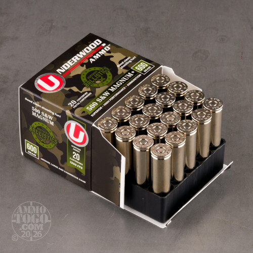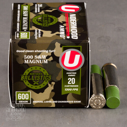 The 500 S&W Magnum – a perfect cartridge if you love recoil that will knock your socks off followed by terminal ballistics which can anchor anything that traipses around North America on four legs. Here’s your chance to fire Underwood’s best, which was designed in collaboration with Kentucky Ballistics!This round’s 600 grain projectile is a hard cast. It’s mostly made of lead, but it’s alloyed with additional metals that make it far too hard to deform as it pierces thick bone and dense flesh. The bullet will penetrate several feet deep while its broad nose profile gouges a devastating half-inch hole through the quarry. Underwood’s polymer coating virtually eliminates lead fouling, and it also keeps the bullet’s hard alloyed lead surface from grinding down the rifling. Great for target shooting and defense against dangerous game!
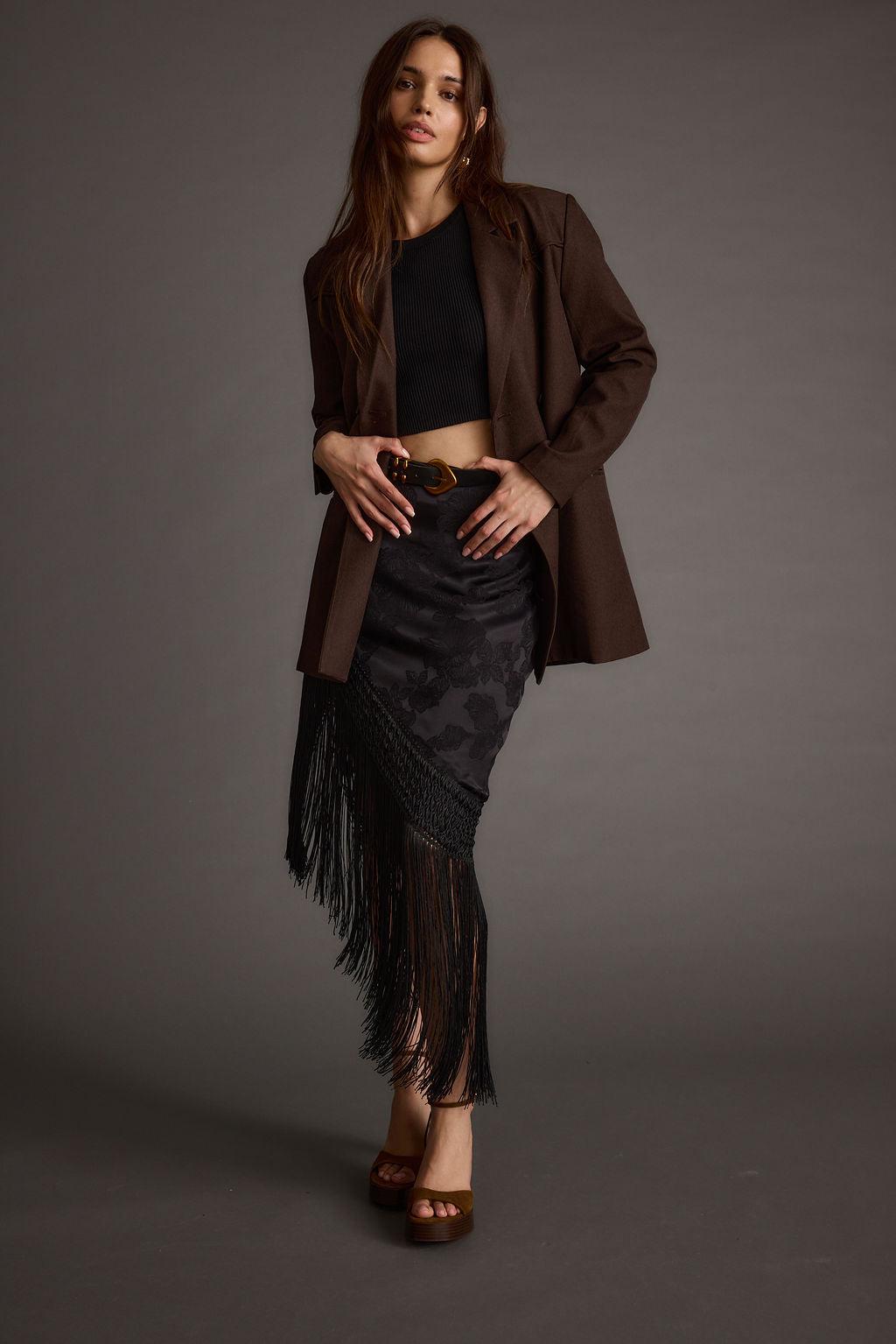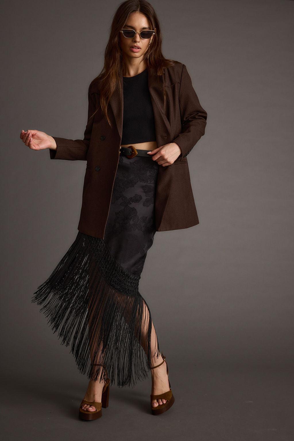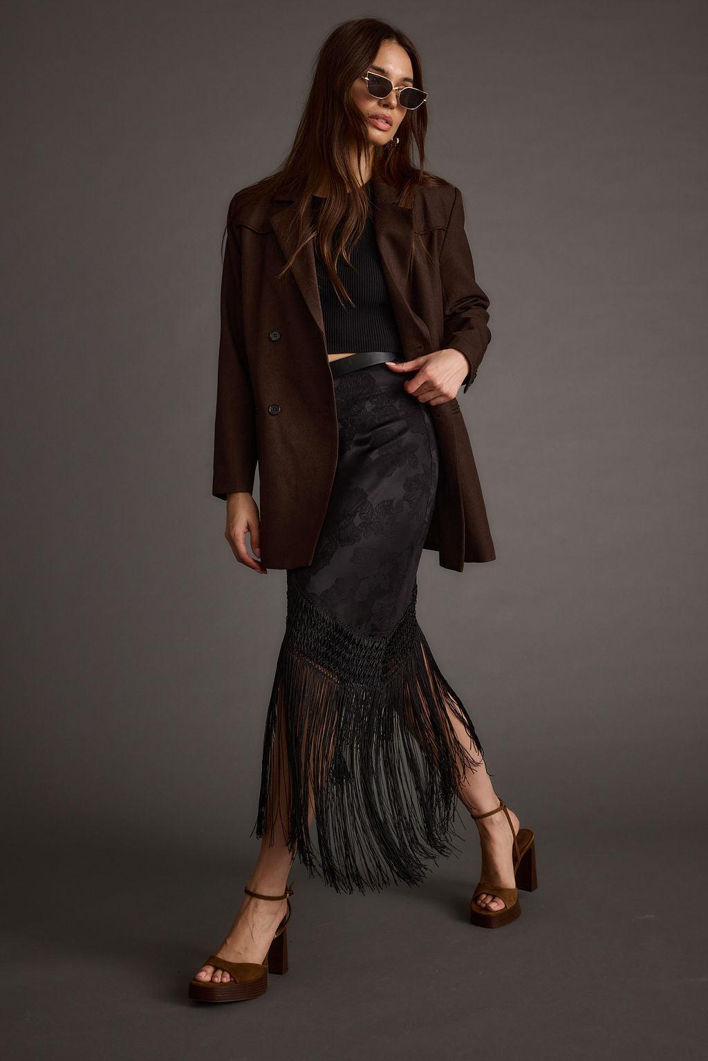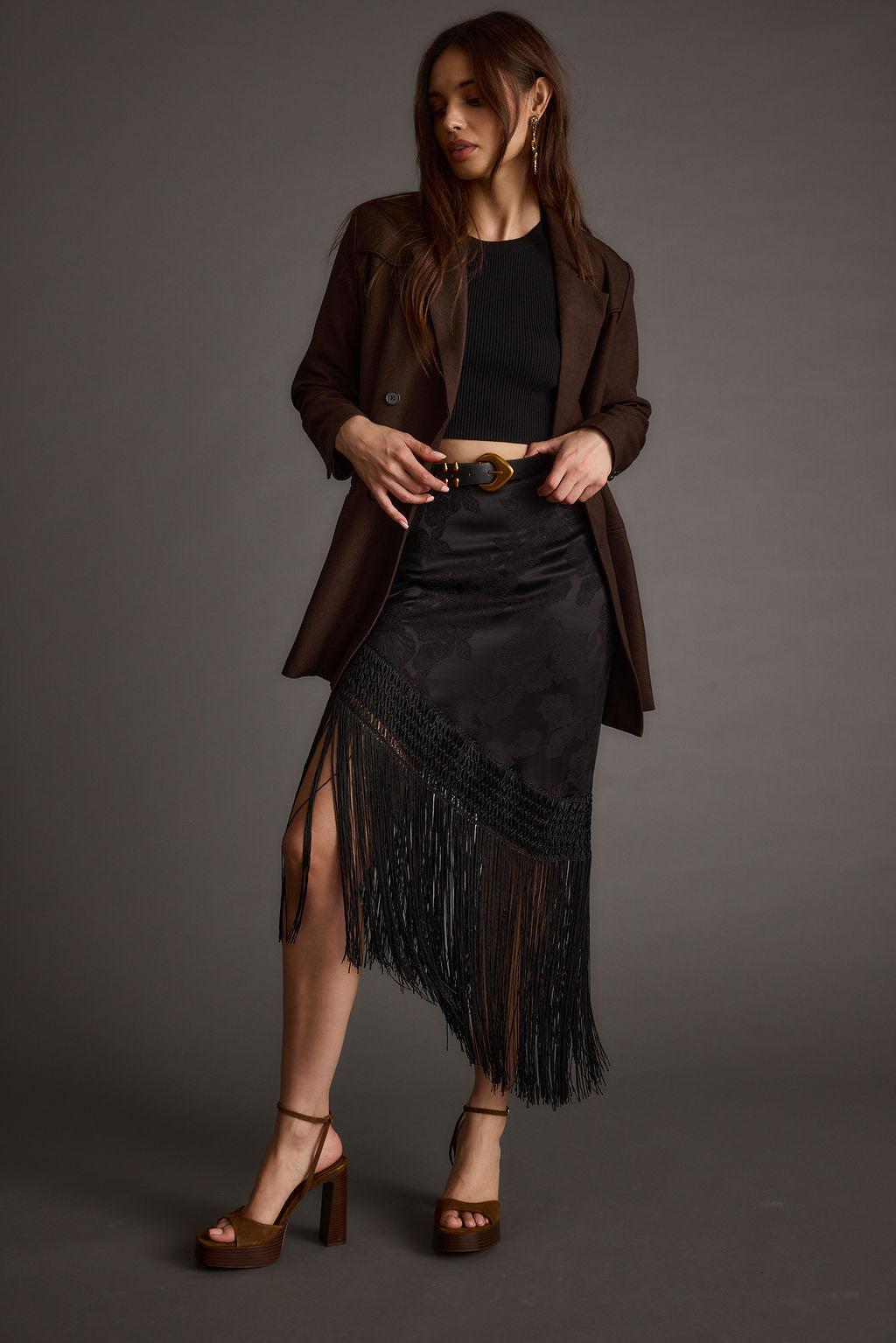 Based on the best selling Frankie Satin Jacquard Fringe Skirt, we’re bringing her back now in a chic black colorway. BOHO GLAM IS BACK! Spotlights on you in this one of a kind midi skirt featuring fringe detailing and a dreamy satin jacquard material. The Frankie Black Satin Jacquard Fringe Midi Skirt will dance with your every step as you take on the night or grab coffee with the girls. Complete the look with a cute tee, boots and maximize on chunky accessories for a boho look we’re obsessed with.
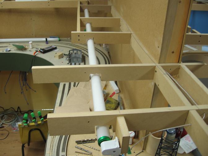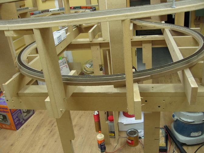 Here is the completed track for the Tonopah branch around the bottom of the helix. You can see the train cars sitting on one of the staging tracks in the upper left.
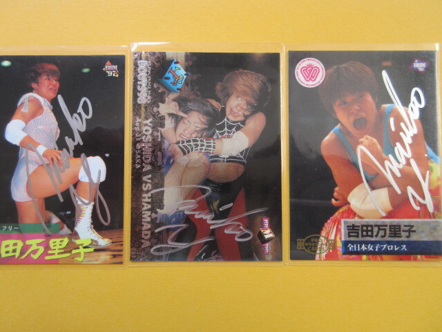吉田万里子☆直筆サイン入りプロレスカード【銀ペン】3枚セット
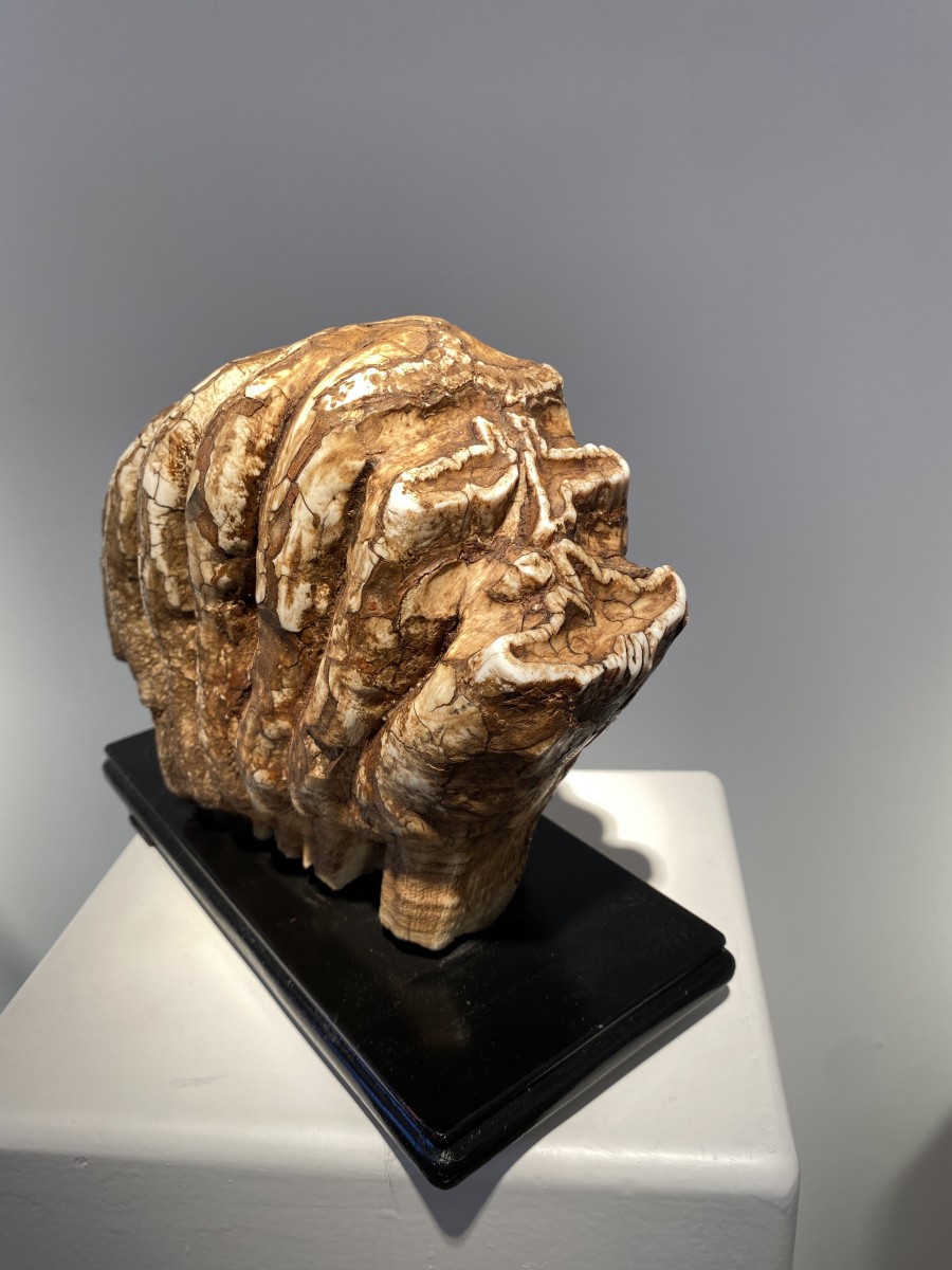 Molaire de mammouth exceptionnellement grande. Idéal pour votre cabinet de curiosités! Belle patine couleur crème de la dent fossile. Soclé sur bois. Dimensions: 24x19x9cm.

- - -

> [Exercise] Word-for-word transcription: the whole listing, with images excluded.

> [Task answer]
 The 500 S&W Magnum – a perfect cartridge if you love recoil that will knock your socks off followed by terminal ballistics which can anchor anything that traipses around North America on four legs. Here’s your chance to fire Underwood’s best, which was designed in collaboration with Kentucky Ballistics!This round’s 600 grain projectile is a hard cast. It’s mostly made of lead, but it’s alloyed with additional metals that make it far too hard to deform as it pierces thick bone and dense flesh. The bullet will penetrate several feet deep while its broad nose profile gouges a devastating half-inch hole through the quarry. Underwood’s polymer coating virtually eliminates lead fouling, and it also keeps the bullet’s hard alloyed lead surface from grinding down the rifling. Great for target shooting and defense against dangerous game!
 Based on the best selling Frankie Satin Jacquard Fringe Skirt, we’re bringing her back now in a chic black colorway. BOHO GLAM IS BACK! Spotlights on you in this one of a kind midi skirt featuring fringe detailing and a dreamy satin jacquard material. The Frankie Black Satin Jacquard Fringe Midi Skirt will dance with your every step as you take on the night or grab coffee with the girls. Complete the look with a cute tee, boots and maximize on chunky accessories for a boho look we’re obsessed with.
 Here is the completed track for the Tonopah branch around the bottom of the helix. You can see the train cars sitting on one of the staging tracks in the upper left.
吉田万里子☆直筆サイン入りプロレスカード【銀ペン】3枚セット
 Molaire de mammouth exceptionnellement grande. Idéal pour votre cabinet de curiosités! Belle patine couleur crème de la dent fossile. Soclé sur bois. Dimensions: 24x19x9cm.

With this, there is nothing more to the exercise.